Flink Streaming Jobs

Chunk Ingestion

Input: Directory (HDFS/S3)
Logic: Reads input documents, splits them into manageable token windows, and hashes the content to create easily identify chunks for graph traversal later.

Entity Extraction

Input: Text Chunks (data stream)
Logic: This operator makes use of both NLP and LLM. It uses NLP to extract with high recall entities such as person, organization, and location. Meanwhile, the LLM is tasked with extracting complex concepts from the text.

Co-Occurrence

Input: Mentions (data stream)
Logic: Given the stream of mentions (concepts and entities), this job finds the mentions that co-occur with each other and makes note of it to tie together closely occuring concepts and entities in the knowledge graph.

Relationships

Input: Co-Occurrences (data stream)
Logic: Given the stream of co-occurrences, grab the ones that are very closely related and mark them as relationship candidates. These candidates will be evaluated by the LLM to see whether they form a good relationship or not, evidence provided.

Neo4j Upsert

Input: Graph Objects (Nodes/Edges)
Logic: Chunks, entities, co-occurences, mentions, and relationships make up the nodes and edges of the knowledge graph. This job upserts these in the correct format to AuraDB (Neo4j database) to create the graph.

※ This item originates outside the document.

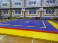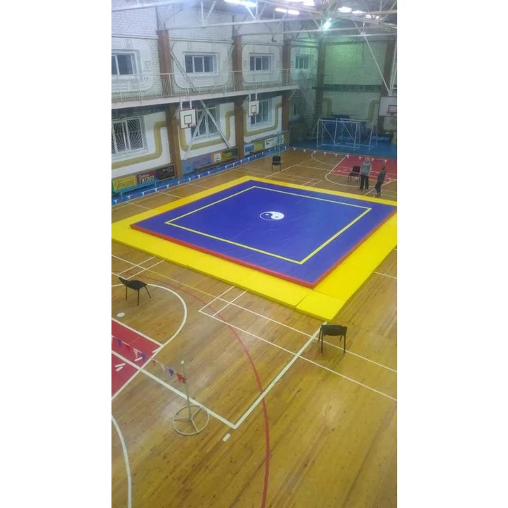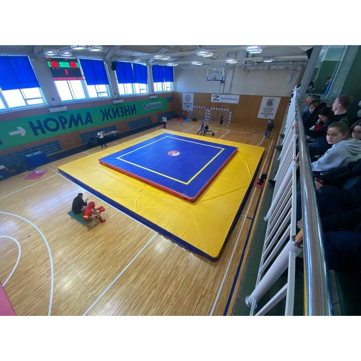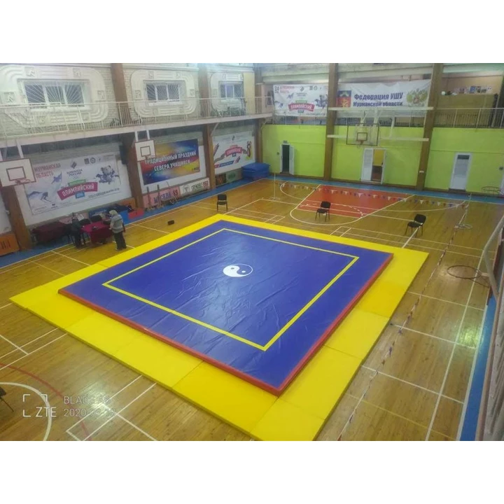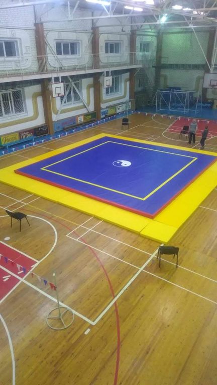 Описание: Помост для соревнований и боев по ушу саньда это платформа, сделанная из железа и дерева, размером 8 x 8 (м), высотой 20 см на неё выкладываются матами ППЭ 1х2 м и поверхность накрывается из ПВХ-ткани (нескользкой) производство Корея. В центре арены для саньда мы можем нанести любой логотип по вашему пожеланию, на данной картинке нарисована диаграмма (Инь-Ян) диаметром 1 м. По краям помоста проводится сплошная красная линия шириной 5 см. Ограничительная линия, шириной 10 см, желтого цвета наносится на расстоянии 90 см от края помоста. Защитные маты, шириной 2 м и от 20 см до 40 см толщиной, должны быть размещены вокруг помоста по правилам саньда(не входят в стоимость помоста)
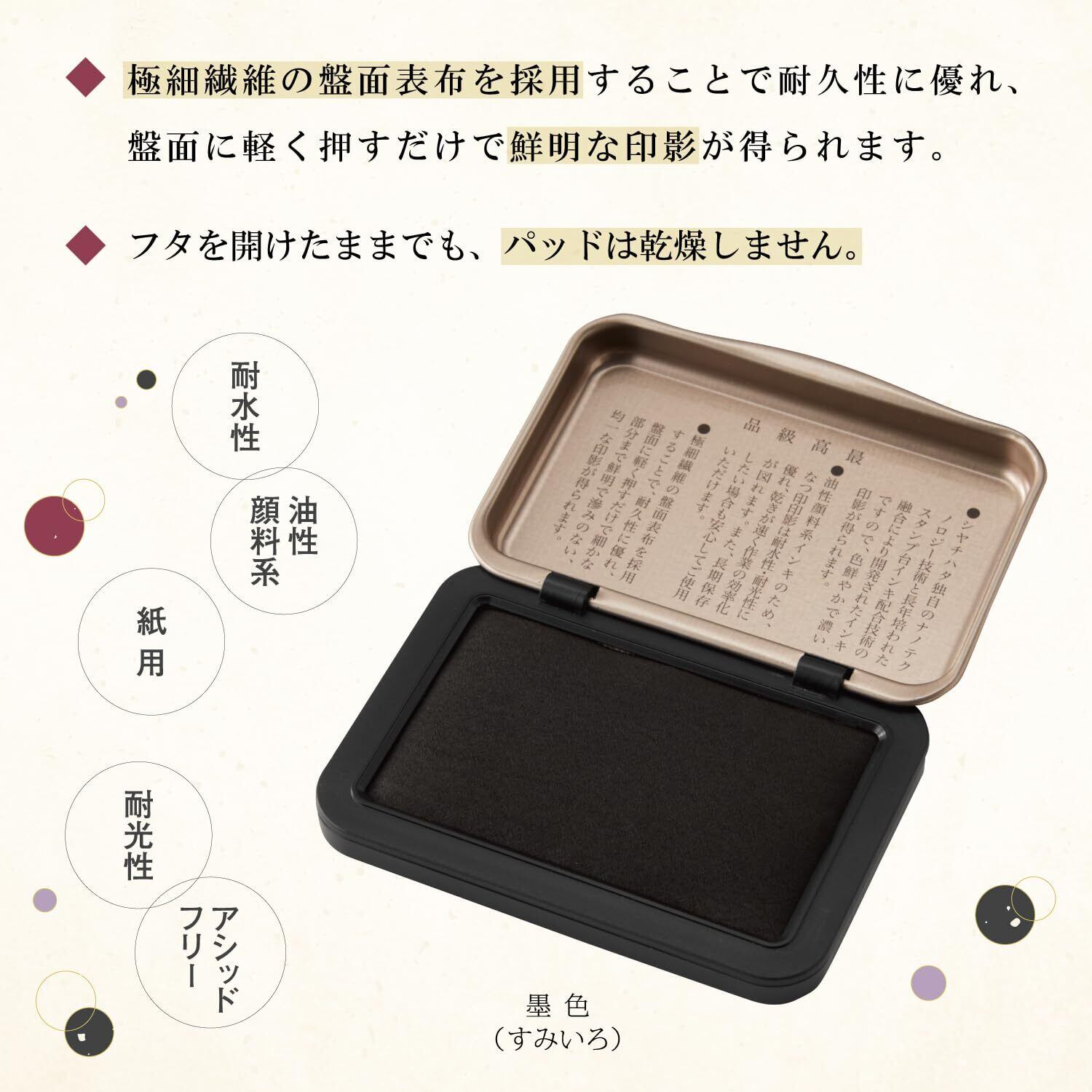 大正末期をイメージした懐かしさの感じられる意匠と現在の捺印性能を両立させた、100周年記念のスタンプ台です。人気色の墨色になります。2026年6月までの限定発売となります。

Component Deployment Decisions

Stream Processing (AWS EKS / Flink)

Why EKS? Graph construction is resource-intensive. EKS allows us to orchestrate a Flink cluster (JobManager + multiple TaskManagers) alongside the Neo4j database and Ollama inferencing services.
Scaling: K8s allows us to scale TaskManagers horizontally based on the lag in the ingestion stream.

Graph Storage (Neo4j through AuraDB)

Flexible Accessibility: AuraDB was chosen to make the transition from local to cloud code to be smoother as both can rely on the same endpoints and environment variables. Simplifying graph upsertion and retrieval.

Microservices (Akka HTTP)

Isolation: The query layer is deployed as a separate stateless deployment exposed via a LoadBalancer service, decoupling the read-path (User Queries) from the write-path (Flink Indexing).

Back to top ↑

Steps to Run Locally

1. Clone the Repository

git clone git@github.com:martingaw11/CS441-CloudComputing-UIC.git
cd CS441-CloudComputing-UIC

2. Pull the Llama3:instruct model

ollama pull llama3:instruct

3. Neo4j Setup

Create an account with Neo4j and activate AuraDB
https://neo4j.com/product/auradb/

4. S3 Setup (Store Corpus here for container access)

In your AWS account, setup a directory in your s3 bucket with the corpus of PDF's.

5. Build the JAR files for API and Flink Job

Inside of Intellij is easiest

reload
clean
core/assembly       # API
ingestion/assembly  # Flink Pipeline

6. Create `.env` File in Root

Format the .env file like this and fill it in with account information.
For the base url, match it with your WSL IP address.
For the model, you can choose to use whatever model you like. (Just make sure to adjust the Dockerfile.ollama file to pull this model)

NEO4J_URI=...
NEO4J_USERNAME=...
NEO4J_PASSWORD=...

AWS_ACCESS_KEY_ID=...
AWS_SECRET_ACCESS_KEY=...
AWS_REGION=...

OLLAMA_BASE_URL="http://172.xx.xx.xx:11434/api"
OLLAMA_MODEL="phi"

7. Run the Container!

docker-compose up --build

8. Next Steps...

Wait for the knowledge graph to be built and then run queries!

Steps to Run on AWS EKS

1. ECR Repository Setup (CLI)

Create repositories for your custom images (Flink, API, Ollama)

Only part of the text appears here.